Zillessen was a pilot with No 6 Squadron during the final phase of the action in North Africa. Equipped with 8mm cannons, the Hurricane was used in low-level "tank-busting" raids. Having just returned from leave, Zillessen had been ordered to fly as a last-minute replacement. He was shot down and captured on 6 April 1943. What his captors never realised was that he spoke fluent German. Before the Second World War, his father's business had contacts in Germany and he had been sent there to learn the language.

Various pressures were put upon Zillessen by his interrogators. They plied him with whisky, little knowing that in the bars of Alexandria he could drink most of his squadron members under the table. Then a lithe 6ft naked blonde woman was sent to his cell. However, he had heard his captors say that if he touched her they could call in the Gestapo to interrogate him. He simply curled up in a corner and would have nothing to do with the Teutonic temptress.

He was eventually transported to Stalag Luft 3, where gradually he earned the trust of the guards by speaking to them in their own language, especially about their wives and girlfriends. They were soon asking him to write love letters home, bringing him paper, pens and ink to do so. Any surplus material Zillessen secreted away so that the camp "forgers" could work on vital documents and passports in readiness for the intended escape.

On the night of 23 March 1944, with the escape tunnel complete, under cover of darkness 200 Allied officers assembled in a hut ready to escape. Seventy-six managed to get out through the tunnel before the guards realised what was happening. Zillessen was not among them. Everything had gone wrong. There had been an air-raid that night, the lights in the tunnel had gone out and one man had got stuck.

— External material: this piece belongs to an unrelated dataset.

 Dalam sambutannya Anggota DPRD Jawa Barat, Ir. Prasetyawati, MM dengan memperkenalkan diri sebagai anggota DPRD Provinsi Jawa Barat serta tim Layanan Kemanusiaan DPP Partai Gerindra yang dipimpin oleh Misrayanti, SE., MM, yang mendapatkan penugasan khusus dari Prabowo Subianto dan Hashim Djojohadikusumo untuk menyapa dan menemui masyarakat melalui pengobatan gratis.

Zillessen then saw men crawling back through the tunnel to the hut. To him and the rest of the waiting men this was an immense disappointment, for they had spent months preparing.

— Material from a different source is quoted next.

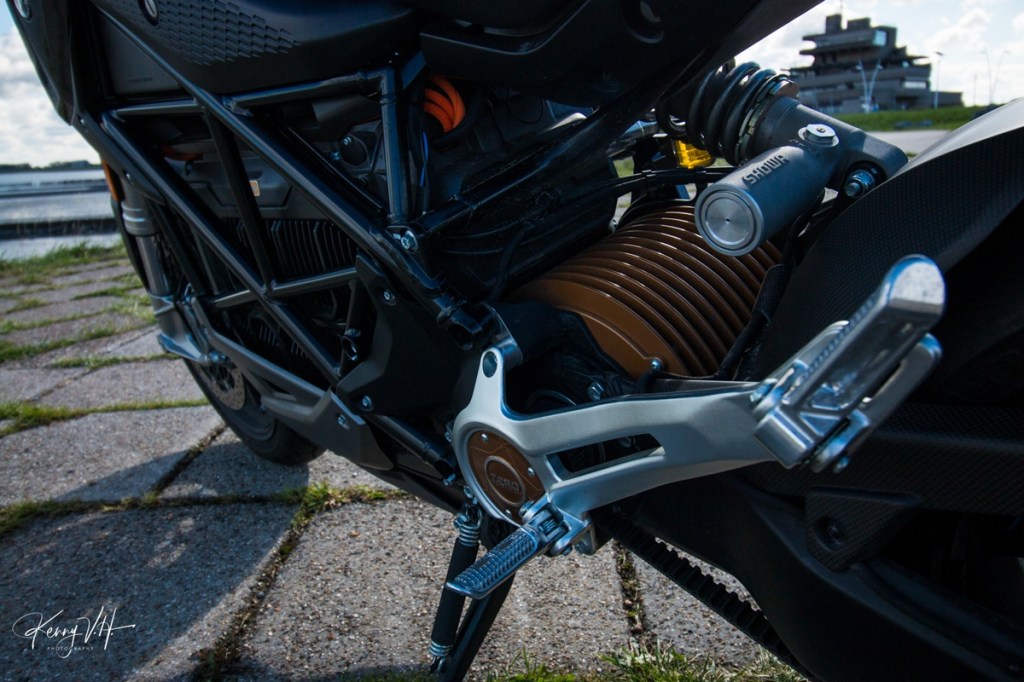 Dat harde remmen is nodig: de SR gaat in Sportstand als een speer. Het is bekend dat bij een elektromotor het koppel instant voorhanden is, en dat mocht ik aan den lijve ondervinden. De ontzagwekkende hernemingen zorgen voor een heuse adrenalinekick. Keer op keer het gas vol open draaien (ik weiger om stroom te zeggen) trekt de batterij in no time leeg, maar dikke fun is het wel.

It was, however, one of the largest mass breakouts by Allied prisoners. But, of the 76 who escaped, 73 were recaptured and 50 summarily executed.

This remarkable story inspired the 1963 film The Great Escape which starred, among others, Steve McQueen, Charles Bronson and Richard Attenborough. Zillessen was one of several prisoners whose ability to scrounge supplies was the basis for the American played by James Garner, though in reality there were no Americans in the camp. Zillessen, although not consulted, enjoyed the film. He was particularly taken by Attenborough's performance. However, having lost six stone while a prisoner, he thought Garner "a little bulky" for the part.

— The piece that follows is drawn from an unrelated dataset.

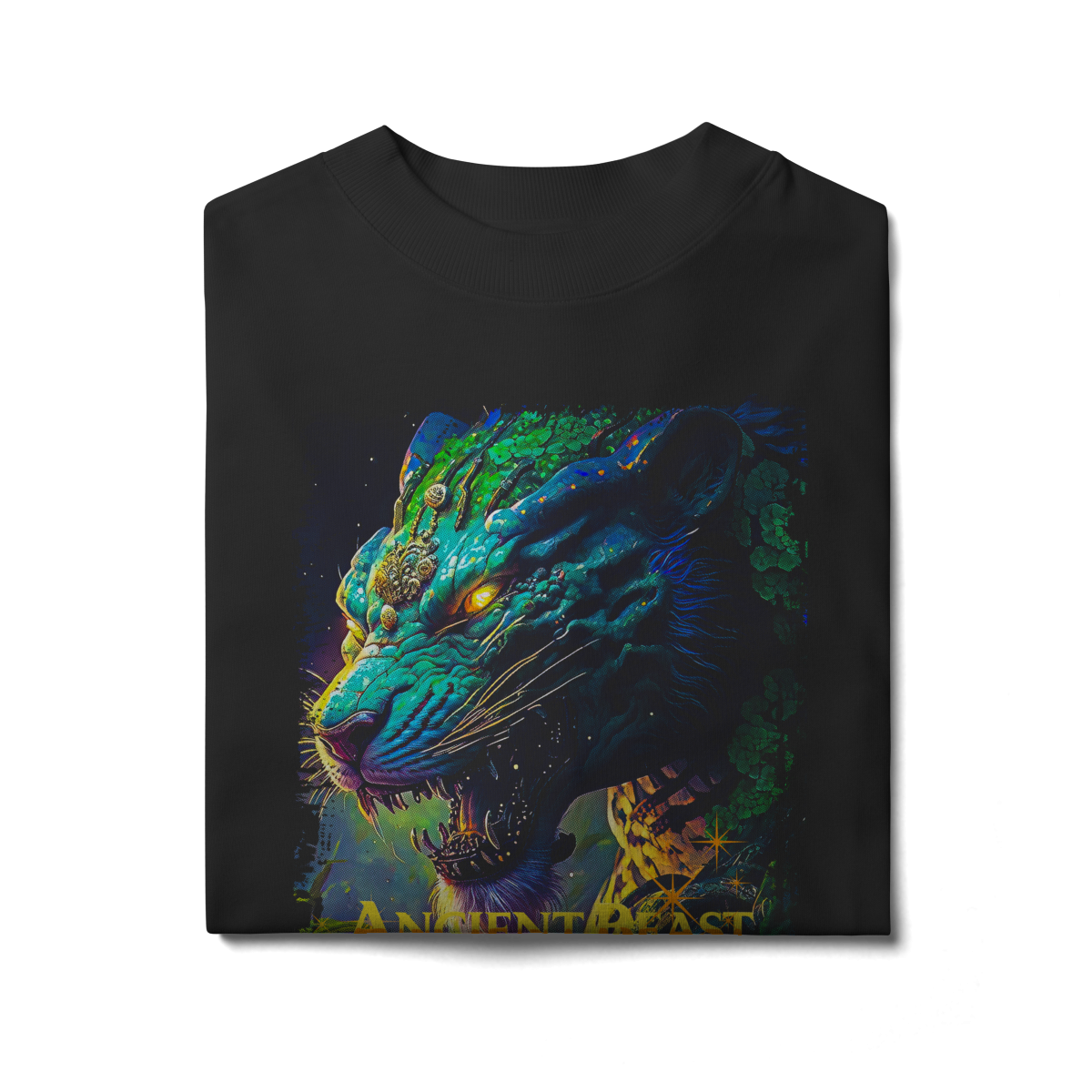 ANCIENT BEAST — COSMIC RAGE é uma estampa que representa a conexão entre o poder ancestral dos predadores e a energia infinita do cosmos. A arte traz a figura de uma fera mística em tons neon vibrantes — azul, verde, laranja e dourado — criando um visual hipnótico, agressivo e impossível de ignorar.

Marcel Zillessen was born in Northampton in 1917 and educated at Gresham's School. He worked in the family textile business before joining the RAF at the outbreak of war.

Much of his time in Stalag Luft 3 was spent translating 19th-century German poetry into English. Finally, with Allied forces approaching in May 1945, the prison was evacuated and the prisoners forced to march towards Germany. During a break, Zillessen managed to escape into a nearby wood and make his way back to the empty camp. The camp was eventually liberated by British troops.

After the war he returned to the family business before moving into the wool trade in Darlington, where he remained until the early 1970s. He eventually left to set up a chain of take-away food shops in the North- East bearing the Zillessen name. In semi-retirement he and his wife kept a guest house in Robin Hood's Bay, North Yorkshire. A handsome, self-effacing man, he delighted in his four sons and his grandchildren.

Max Arthur

Marcel Zillessen, pilot and businessman: born Northampton 14 January 1917; married 1951 Lyn Hudson (four sons); died Whitby, North Yorkshire 8 January 1999.